The summer rush has an unwelcome twist this year, due to the backlog of passports awaiting renewal. For travellers whose documents are trapped in a bureaucratic black hole, the Monarch Travel Group says: "We are being as flexible as we can." Yet Thomson is adding to the problem by insisting that all customers need six months remaining on their passports, even though the immigration authorities in the vast majority of destinations do not require it.

Sharon Bloor of Manchester contacted The Independent because she is booked to fly next weekend to Tenerife with her husband and sons for a fortnight. The boys' passports expire in September. Unhappily, last Sunday she thought to call Thomson to make sure that their travel documents would be accepted. As Thomson knows well, all EU countries (and plenty more besides, including plucky Switzerland) are perfectly happy for British holidaymakers to stay right up to the expiry date of the passport. But Ms Bloor says she was told they were not acceptable. She felt obliged to make a Fast Track application, thus adding to the queue at the Passport Office. She is now £170 poorer, with the added stress of worrying whether the needlessly replaced passports would arrive in time.

Thomson is free to make whatever rules it wishes about its customers' documentation, however bizarre they may be. But it seems extraordinary that the giant holiday company should choose to make life difficult for travellers this summer. Telling people to renew documents unnecessarily early will lengthen passport queues. Fast Track applicants such as Sharon Bloor extend waiting times for other travellers.

Crossed lines

To see if the online stance is echoed by Thomson staff, I made a series of calls to the firm's customer-services desk.
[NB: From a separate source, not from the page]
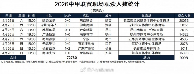 >中甲第6轮观众数:延边龙鼎vs陕西联合超2万人居首,场均9098人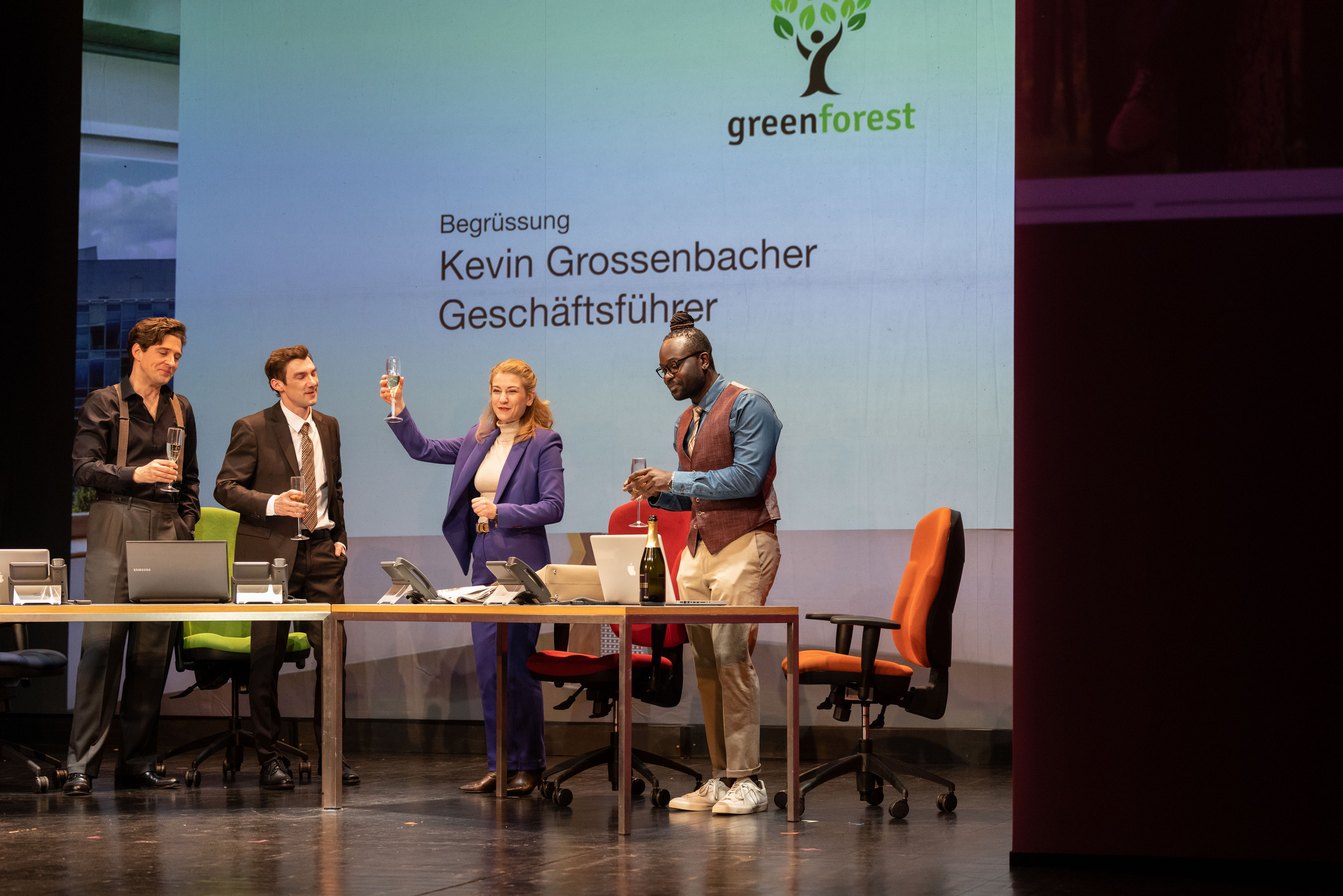 Kevin (Aaron Hitz) arbeitet als Fundraiser bei der NGO Green Forest. Als frischgebackener Nationalrat der Grünen wird er von den Medien mit Vorschuss-Lorbeeren überhäuft. Auch im Job steht bei ihm alles auf Erfolg. Zwei Tage vor dem grossen Spenden-Dinner stossen seine Chefin Dunja (Julienne Pfeil), der Projektleiter Patrice (Foscky Pueta) und Ruben (Diego Valsecchi), der PR-Verantwortliche, mit Kevin auf seine Beförderung zum neuen Geschäftsführer an. Am gleichen Morgen taucht in den Medien ein Foto auf. Es zeigt Kevin an einer privaten Party, als James Brown verkleidet und mit braunem Gesicht. Patrice – selber Person of Colour – bringt es auf den Punkt: Das ist Blackfacing! Das Bild geht viral. Kevin steht in der Öffentlichkeit als Rassist da und inmitten eines Shitstorms. Schnell springen erste Spender:innen ab. Dunja und ihre drei Mitarbeiter verstricken sich mehr und mehr in hanebüchenen Erklärungen. Bald sieht sich Kevin gezwungen, in die Offensive zu gehen und ist bereit, sein bestgehütetes Geheimnis preiszugeben … Mit: Aaron Hitz, Julienne Pfeil, Foscky Pueta, Diego Valsecchi Buch: Roman Riklin und Michael Elsener Regie: Stefan Huber Ausstattung: Heike Seidler Die Autoren Roman Riklin («Riklin & Schaub», «Secondhand Orchestra») und Michael Elsener (Satiriker und studierter Politologe) sezieren gemeinsam aktuelle Debatten und entlarven in witzigen Dialogen weisse Scheinheiligkeit. Sie machen Alltags-Rassismus und strukturelle Diskriminierung von People of Colour ebenso sichtbar wie weisse Privilegien. Regie führt der Zürcher Stefan Huber (u.a. «Achtung Schwiiz!» und «Die Nepotistan-Affäre»). «Shitstorm für Anfänger*innen» ist eine brisante Mundart-Komödie voll mit überraschenden Plot-Twists und beissendem Humor.

I said I had found a good deal to the Canaries: a self-catering week in Tenerife, leaving Birmingham on Sunday, £289 per person for a family of four. I added that my passport expires in September (a touch economical with the truth; it doesn't run out this September). I was variously and inaccurately assured that I needed between one and three months' validity left.

Three steps to Gatwick

How does Thomson respond? Let me share its full statement with you; the company declined to answer my further questions arising:

"The A-Z guide included in our terms and conditions provides information for customers when they book a holiday with us. In this text, we state that customers' passports should be valid for six months from the date they are due to return back to the UK as this is the maximum number of months' validity required across the countries we operate to.
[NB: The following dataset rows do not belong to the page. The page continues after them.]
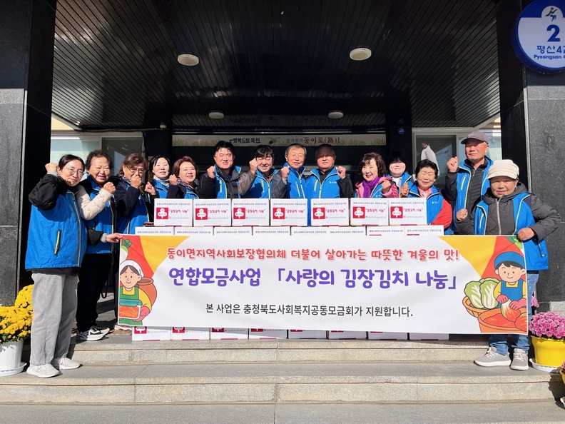 동이면지역사회보장협의체(공동위원장 김두용, 이문순)도 충북사회복지공동모금회 연합모금사업의 일환으로 직접 담근 김장김치를 취약계층 39가구에 전달했다.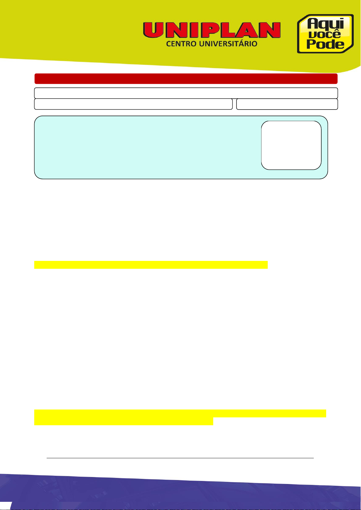 1. Leia com atenção, não esqueça o seu NOME e sua MATRÍCULA;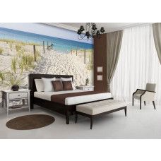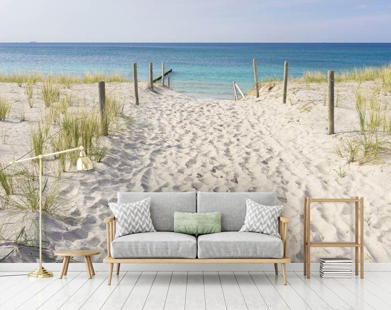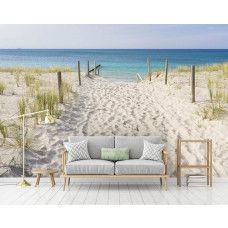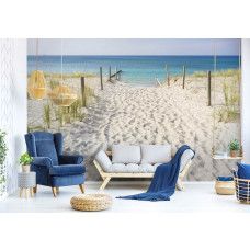 Vlies fotobehang van een voetpad van zand, dat tussen de duinen door richting de zee loopt.

"We always recommend customers check the passport office website for information specific to their destination.

"We do not refuse travel to any passenger if they have less than six months validity on their passport, as long as they meet the entry requirements of the destination."

If I may loosely interpret:

1. Frankly we can't be bothered to tell people the law that applies to their proposed trip, so instead we burden everyone with the worst-case scenario – and the needless stress and expense of complying with our arbitrary "guide".

2. In the guise of being helpful, we refer them spuriously to a third party: the Passport Office website. While it will tell you all sorts of things (including, curiously, how to prevent someone else getting a British passport), it does not offer advice on other countries' admission policies.

3. If you are sufficiently confident that we are, indeed, talking baloney, and you turn up at Gatwick for a European holiday with a passport that runs out in a couple of months, we won't bar you.

Thomson has grown to become Britain's biggest tour operator because it provides great holidays at reasonable prices; over the years, I have spent a fortune on its products (more than £3,000 last year alone). But given the apparent contempt that the holiday giant has for its customers, I may take my travel cash elsewhere.